Morbidelli was swiftly issued a long-lap penalty, served it incorrectly - wide in the loop - and served it again, dropping to seventh. But he re-overtook Raul Fernandez (Trackhouse Aprilia) to bring the bike home in sixth.

Fernandez took seventh to end what may have been the best - or at least the most important - MotoGP weekend of his career so far, followed by the works KTM duo of Pedro Acosta and Brad Binder, 0.028s apart at the line.

Fernandez's Ai Ogura marked his return from injury with a 10th-place grand prix finish.

Ogura's rookie of the year rival Fermin Aldeguer had to fight through from the back after having to go off-track to avoid clattering into Bezzecchi on the third lap - but had the pace to salvage 12th in the end, behind the leading Honda, that of Joan Mir.

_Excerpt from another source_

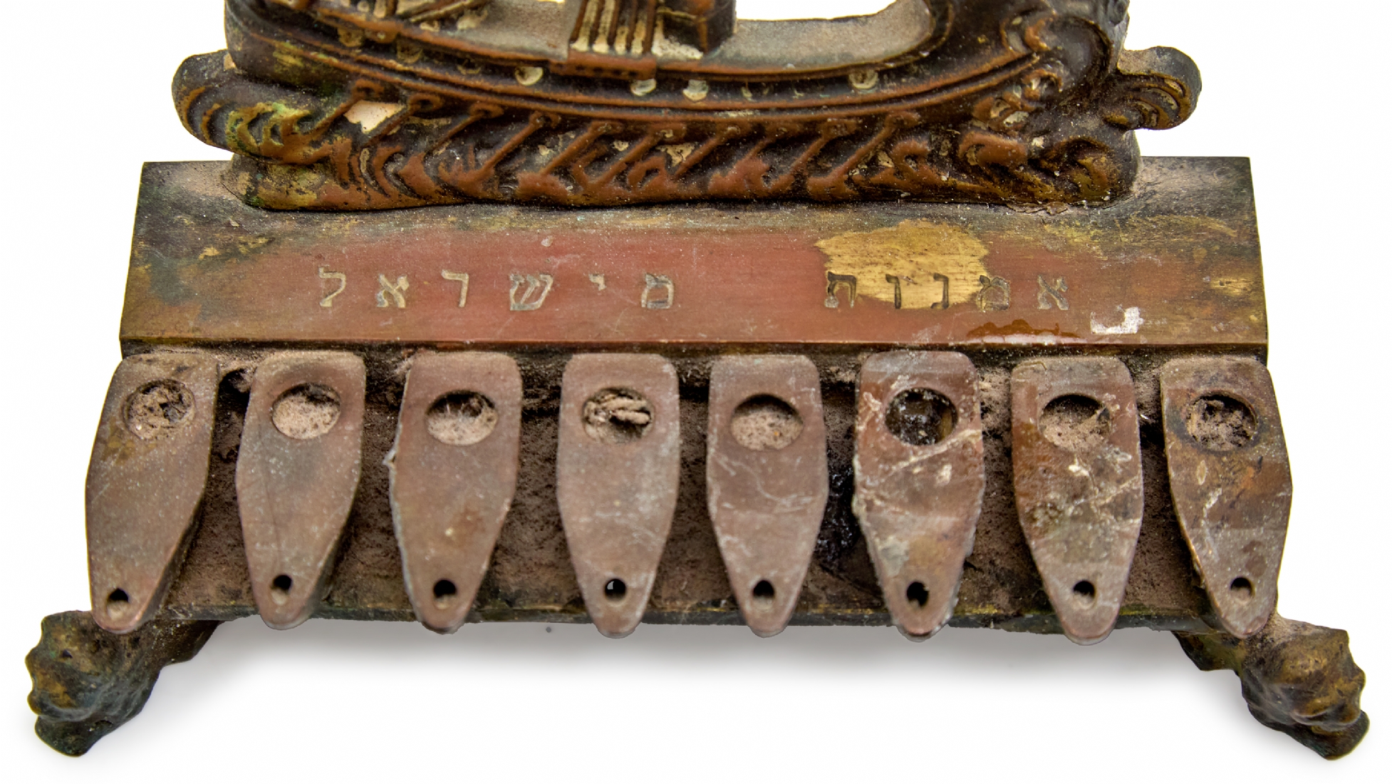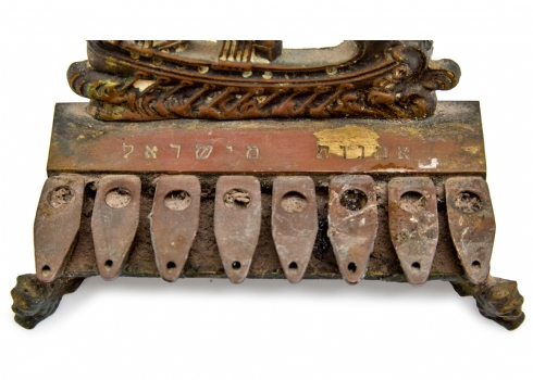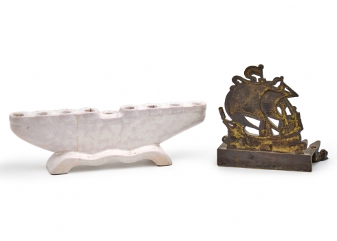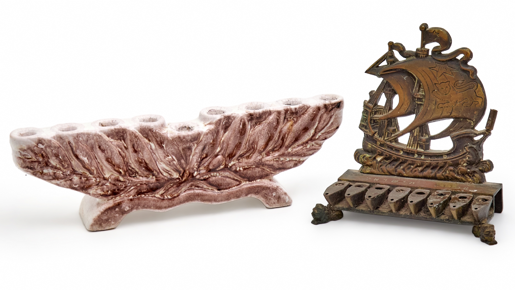זוג חנוכיות עשויות ברונזה וקרמיקה

Aldeguer worked his way past the Yamahas of Fabio Quartararo and Miguel Oliveira late on, with Oliveira then beating a fading Quartararo by 0.007s on the run to the line.

Somkiat Chantra (LCR Honda), like Morbidelli, served a double long lap, albeit this one was assessed for a grid prodecure breach. He ended up finishing a worrying 70 seconds off the winner.

Johann Zarco (LCR Honda) and Enea Bastianini (Tech3 KTM) crashed out of the race early on, while Jack Miller (Pramac Yamaha) pulled over in the pits for a yet undisclosed reason.